If your business has a good track record of managing claims, potential solutions include self-insuring. You can do this through a “captive” insurance company.

A captive insurance company is a legal entity that pools risk in a nontraditional way, outside the normal insurance company options. A captive can be either a single company insuring its own risks or a group of companies banding together to cover risks in a similar industry or peer group.

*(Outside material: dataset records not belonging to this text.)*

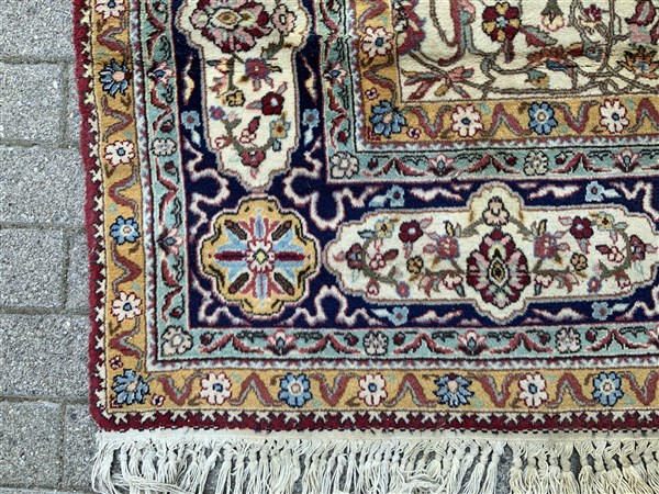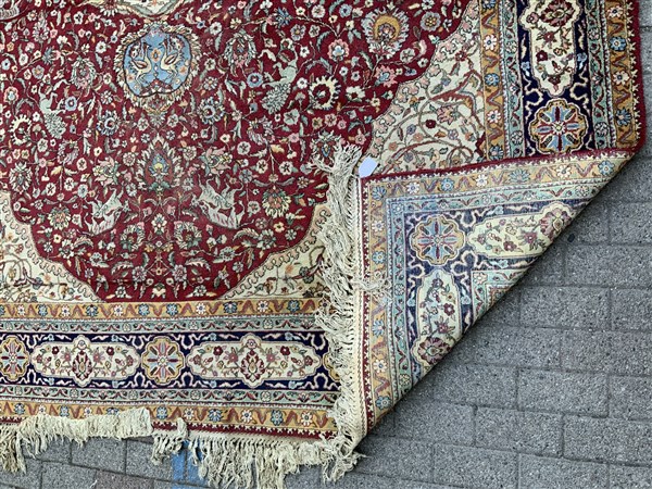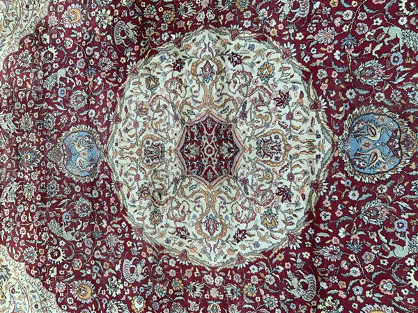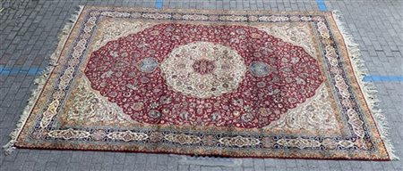 Tappeto Keshan, Persia, secolo XX. Decoro floreale su fondo bordeaux con medaglione e riserve a fondo bianco decorate con animali (cm 378x272) (difetti)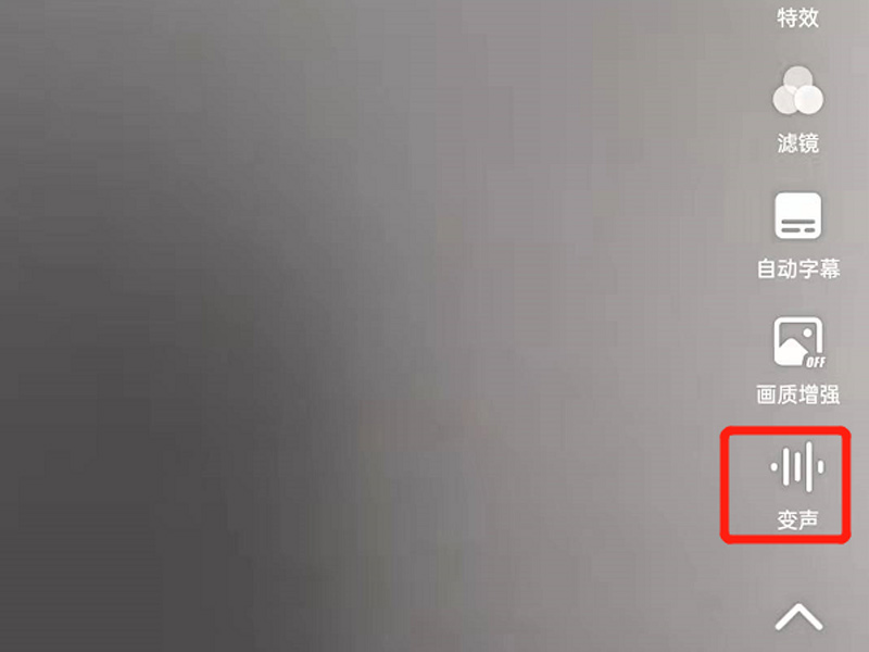 3、在视频编辑页面右边点击向下标志,找到并点击“变声”功能即可进行变声处理。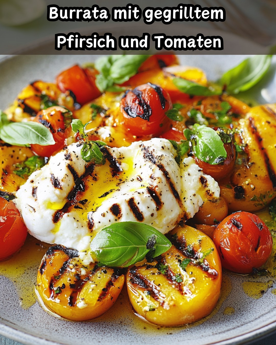 Ein erfrischendes Sommergericht mit cremiger Burrata, saftigen Pfirsichen und süßen Tomaten – perfekt!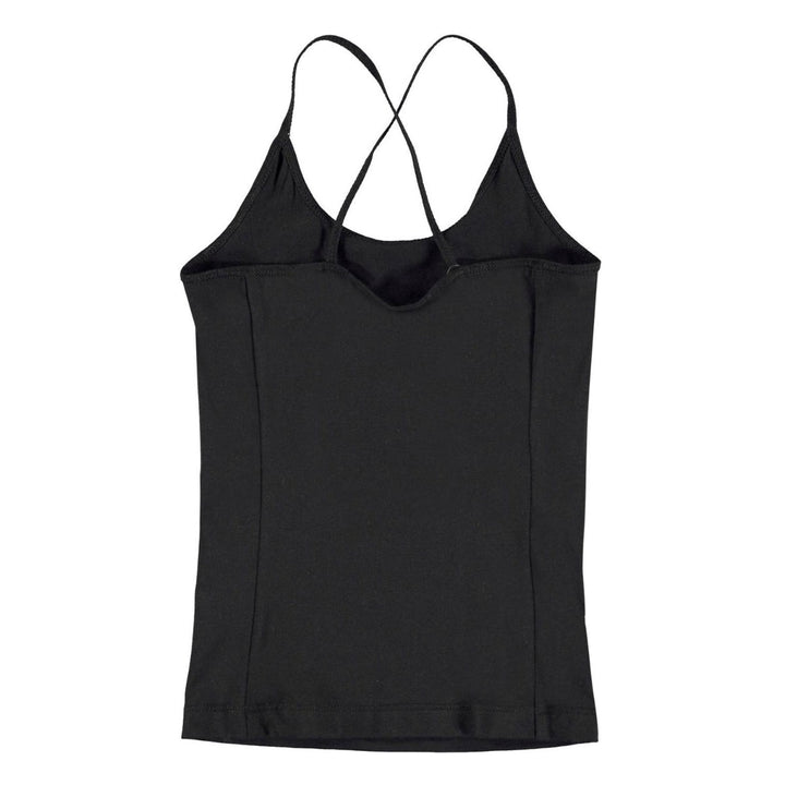 Janis is a black cotton vest with crossed straps on the back. It comes in a small, fabric bag. This Molo product is GOTS certified organic, which means that it is made with certified organic materials and produced under the strictest social and environmental standards throughout the entire manufacturing process. In addition, the GOTS certification secures that the product is free of hazardous chemicals. This Molo product is GOTS certified organic by Ecocert Greenlife, certification number 197496.
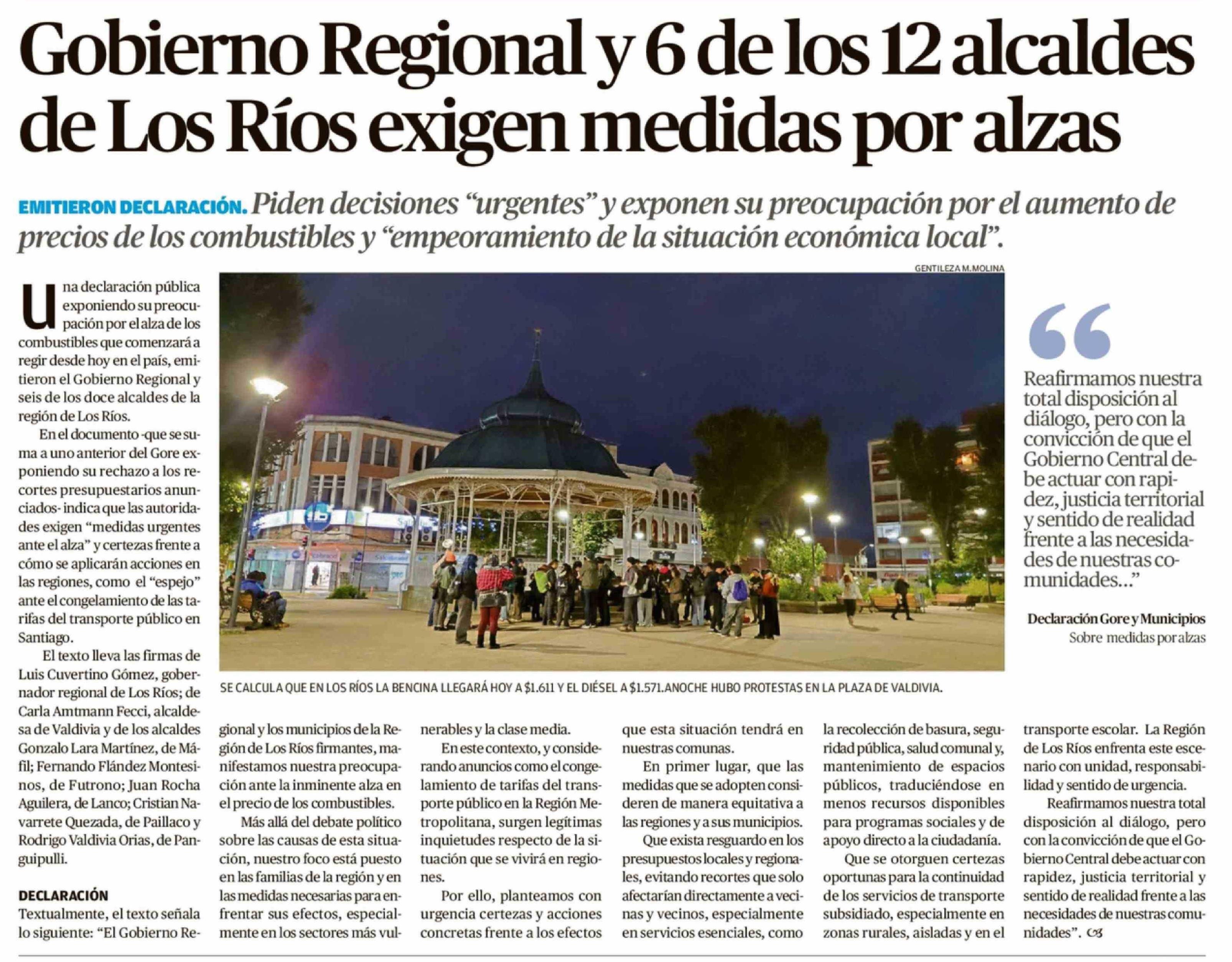 Gobierno Regional y 6 de los 12 alcaldes de Los Ríos exigen medidas por alzas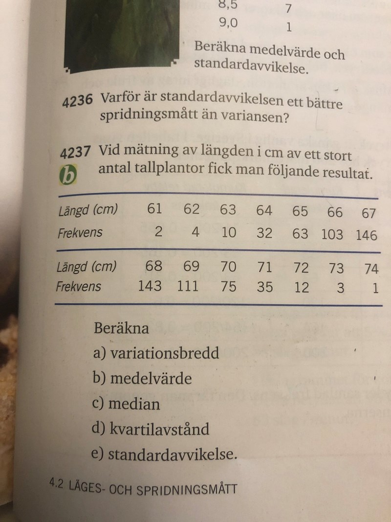 på c ) 4237 uppgiften kan jag alls inte förstå varför medianen blir just 68, enligt mig borde medianen vara 67

There are several types of captive insurance companies, but here are a few of the most common:

  • Pure captive: Also called a single-parent captive, a pure captive is a subsidiary of a single company and its affiliated businesses. It insures just those risks.
  • Group captive: A group captive is owned by several organizations. This option is often appealing to small and midsize companies that don’t have the capital to form a single-parent captive. A group captive can be formed of members from the same industry or members of different industries similar in size. In a group captive, your company shares the risks of many other companies in the group. That means some of the money your company reserves will go to pay for losses at other companies, but theirs will also help pay for yours.
  • Association captive: As it sounds, this option covers the risks of members of an association and their affiliated companies. Some smaller companies join associations to get this insurance benefit.
  • Risk retention group: Though it doesn’t have “captive” in its name, a risk retention group (RRG) is still a captive insurer. An RRG is owned by its members and covers only liability insurance. It insures group members with similar operations or activities or similar liability exposures due to their industry, products or services.

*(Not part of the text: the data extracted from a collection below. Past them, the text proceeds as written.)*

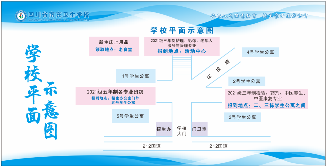 南充唯一的国家级示范中职学校——南充卫校欢迎你!读中职学校,升学就业两不误。2021年高职单招、对口高职统招考试我校捷报频传,成绩再创历史新高。2021级新同学,新起点,新征程,新希望,相信通过学校的精心培育和你个人的不懈努力,你一定能够谱写精彩的华章,开创美好的未来。为了你能更快捷方便地完成入学报到手续,请认真阅读报到须知,提前做好相关准备工作。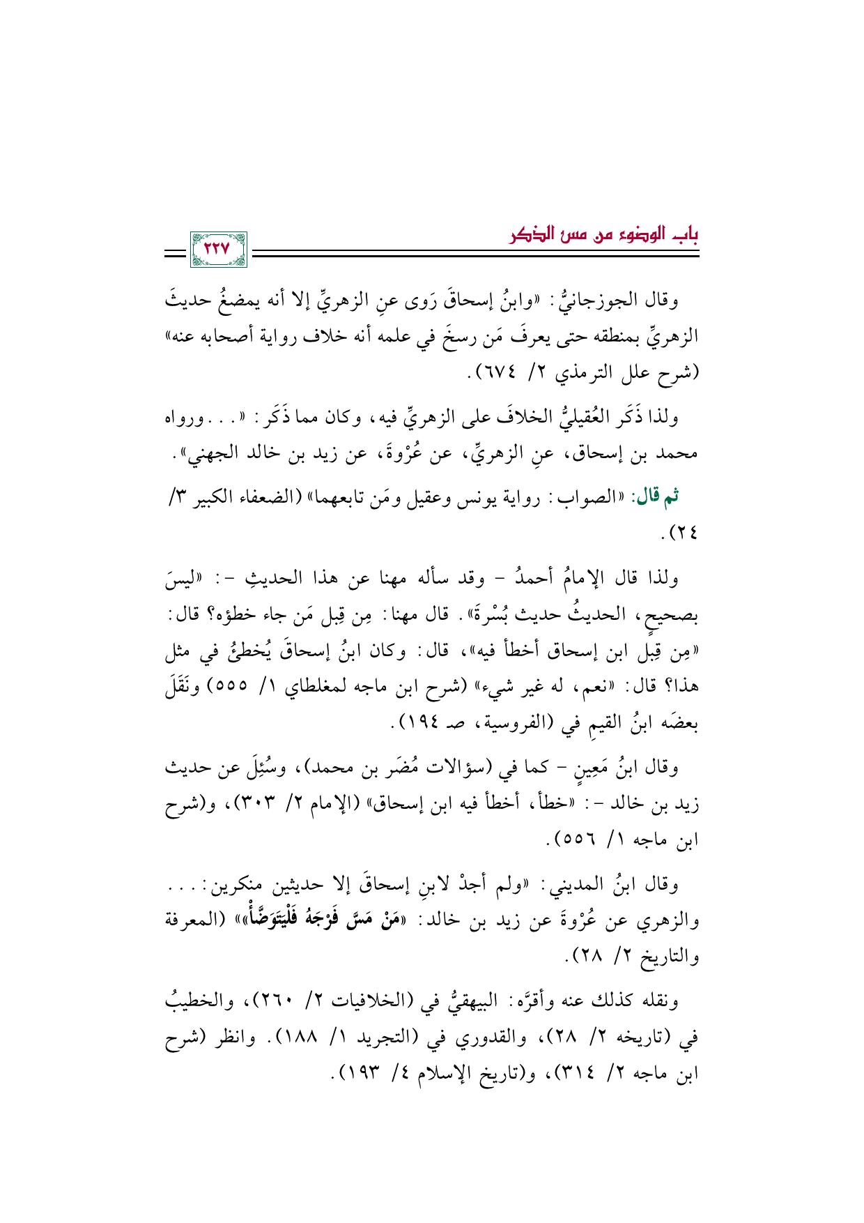 وقال ابنُ المديني: ((ولم أجدْ لابنِ إسحاقَ إلا حديثين منكرين: ... والزهري عن عُرْوةَ عن زيد بن خالد: ((مَنْ مَسَّ فَرْجَهُ فَلْيَتَوَضَّأْ))) (المعرفة والتاريخ ٢/ ٢٨).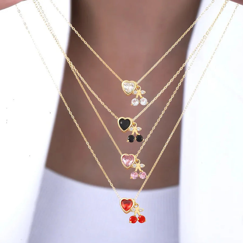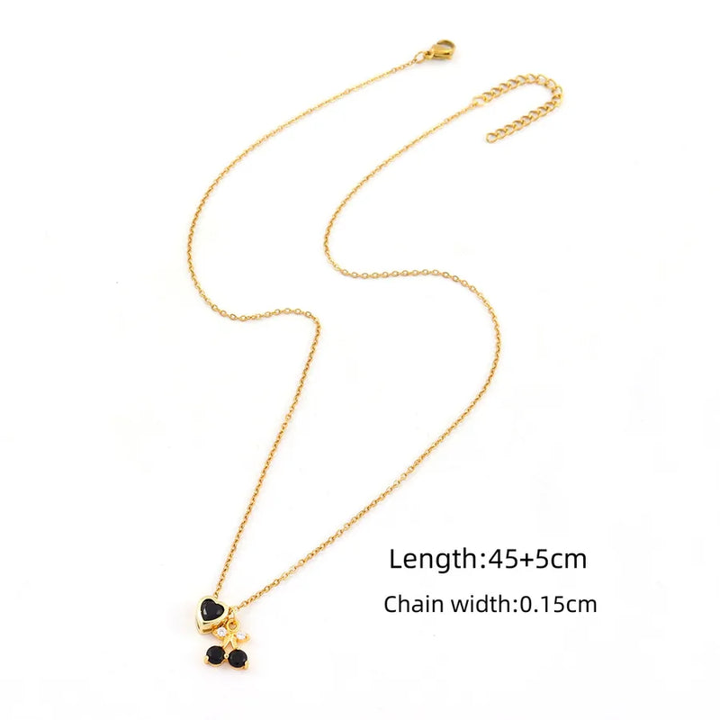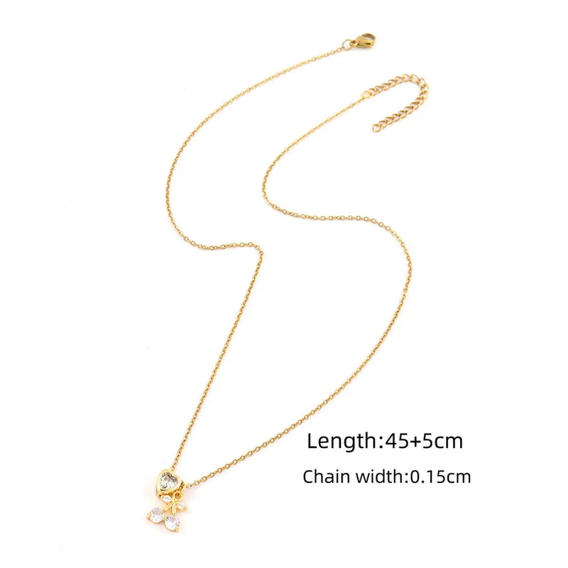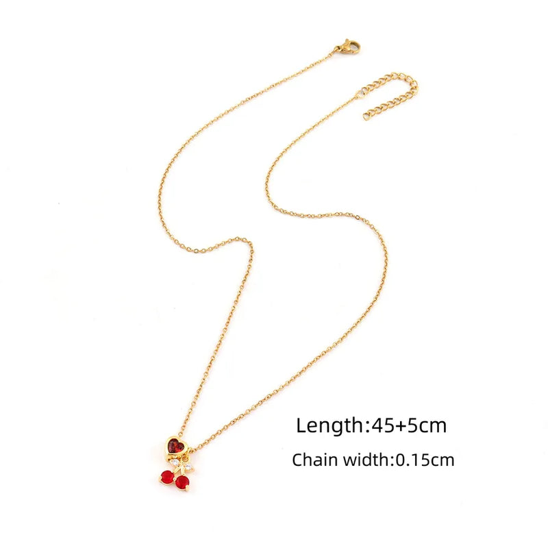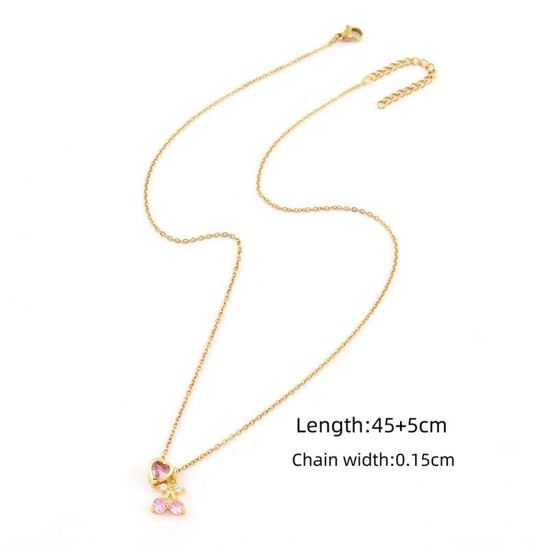 Wholesale Jewelry Elegant Simple Style Classic Style Cherry Heart Shape 201 Stainless Steel Zircon Inlay cable chain Pendant Necklace

The market is tough, but you have options

The insurance industry is cyclical. Hard markets are typically followed by soft markets, characterized by lower premiums and broader coverage. But predicting the timing and extent of a market shift is difficult.

In the meantime, you can adapt to current hard market conditions by exploring alternative insurance options, working with an experienced broker who can help you navigate the complexities of the market, and implementing loss-control measures and improved safety protocols.

You might also talk to your insurance advisor about premium financing options that spread your insurance costs out over the year.